Who will be occupying the C-Suite within the next five years? Will the C-suite even be as relevant in the next five years? As many managers and executives push past 65 years of age over the next few years, many leadership roles will be up for grabs. This raises the question: how can an aspiring leader of executive prepare for the economic and technological shifts ahead?
Many up-and-coming professionals don’t see opportunities in transformational type roles, such as chief transformation officer and chief diversity officer, one survey shows. The survey of 1,000 emerging business leaders between the ages of 25 and 45, published by West Monroe, finds roles that are seen as having the most career potential are those influenced by artificial intelligence and advanced analytics — chief AI officer (40%) and chief data officer (11%).
Interestingly, the role of chief digital officer was both likely to disappear and grow in importance over the next five years, suggesting the mixed reception this role is getting.
To qualify the implication’s of these results, the survey’s authors state they “don’t believe these choices mean the next generation of C-suite leaders will stop transforming their organizations — or no longer care about diversity. Rather, it’s more likely these roles will be baked into everyone’s jobs.
The bottom line is artificial, analytics, data, and associated initiatives are dominating organizational mandates, and therefore the composition of leadership roles. “Organizations are still developing and refining their use cases for AI, but there is near-universal agreement that this is not a flash-in-the-pan technology,” the West Monroe authors state.
Perhaps another lesson drawn from this study is leadership roles can no longer be boxed into specific domains. But, there is one focus every leadership or executive role needs to have: an almost obsessive commitment to the customer, and employing the tools, technological and otherwise, to deliver superior lifetime customer experience.
Leaders and executives need to “think like disruptors” — and that means all attention on the customer, at all times, Nathan Furr and Kunal Chakraborty, write in Harvard Business Review. The customer experience “is the North Star that should guide all of your data, AI, and digital initiatives,” Furr and Chakraborty point out. “All of these should align around a vision for your future customer experience, and you need to map out the small steps that are necessary to make that experience a reality.”
This is realized by using data, AI, and digital engineering “to identify which existing customers are most valuable, understand their journeys, pain points and needs in new ways, and then create growth by solving the pain points and unmet needs and capturing repeat business with these customers,” they urge.
If everyone is to assume transformational roles in the near future (instead of a singular chief transformation officer mentioned in the above-mentioned West Monroe survey), they have one clear mandate: promoting growth as a digital enterprise by shifting the customer focus “from transactions to lasting relationships.”
Experiment, test, and leverage AI and advanced analytics to move forward, they also urged. “AI is simply a tool for understanding patterns in data and making educated predictions out of it.
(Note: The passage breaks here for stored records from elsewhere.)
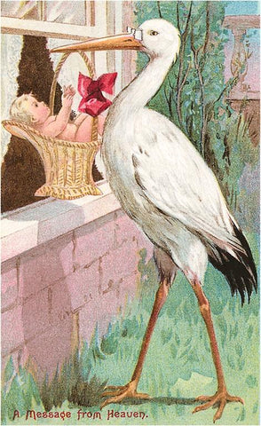 BY-23 A Message from Heaven, Stork at Window - Vintage Image
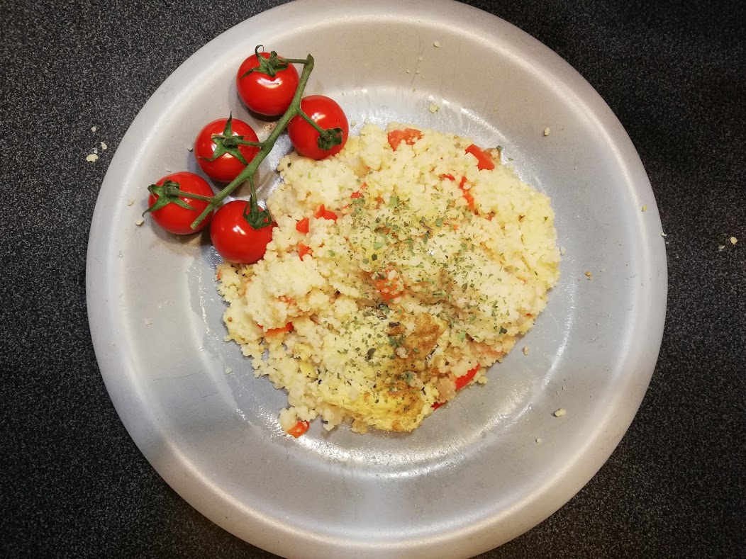 This evening I ate egg with couscous and tomatoes π . I prefer eat a hot mael to eat bread. I really enjoyed this meal.
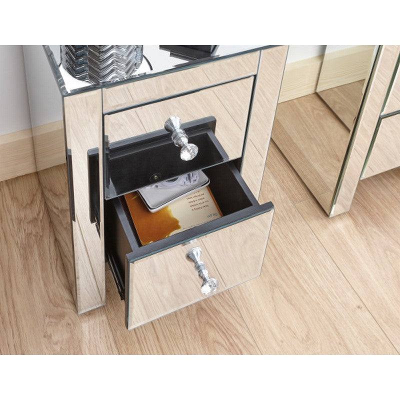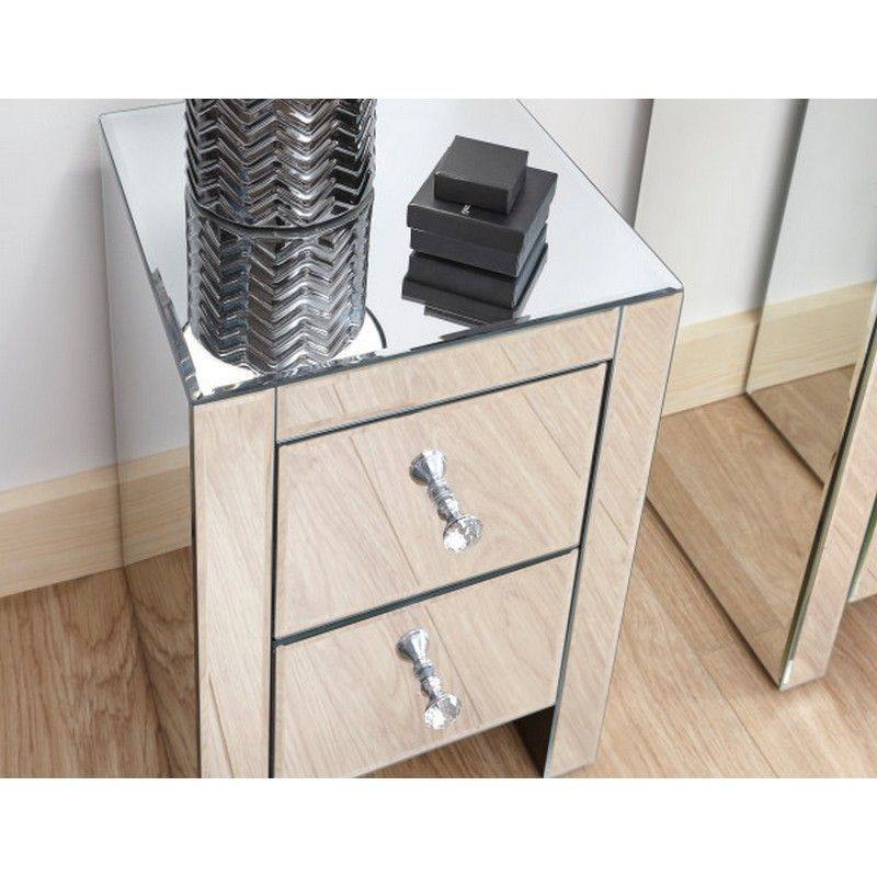 Venetian Slim Bedside Table Mirrored 2 Drawers

It can help you identify patterns from the past and predict possible customer actions in the future.”
These efforts will be facilitated by an “‘electronic brain’ that creates a dynamic picture of each customer and stitches all the interactions you have into one customer 360 record that auto-updates,” they add. “This electronic brain then fires specific instructions to downstream marketing, sales, and service channels.”
“We can expect generative AI will be infused throughout the workflow of every role to accelerate the creation of products across business domains – this will only be limited by imagination and constrained by technical debt and legacy thinking,” says Sumeet Arora, chief development officer for ThoughtSpot.
“In a world where gen AI enables natural language processing and self-service analytics that empower data analysts, business users, and all non-technical users, the digital skills gap is substantially narrowed,” Arora adds.
“Now, business users from C-suite to the frontline can interact with data, self-service and express business questions in natural language,” he states. “AI increases the speed of action, empowering a broader audience to make data-driven decisions, ultimately leading to a strong data culture.”
Connecting data and technology to delivering superior customer experience is the key to leading organizations into the 2030s.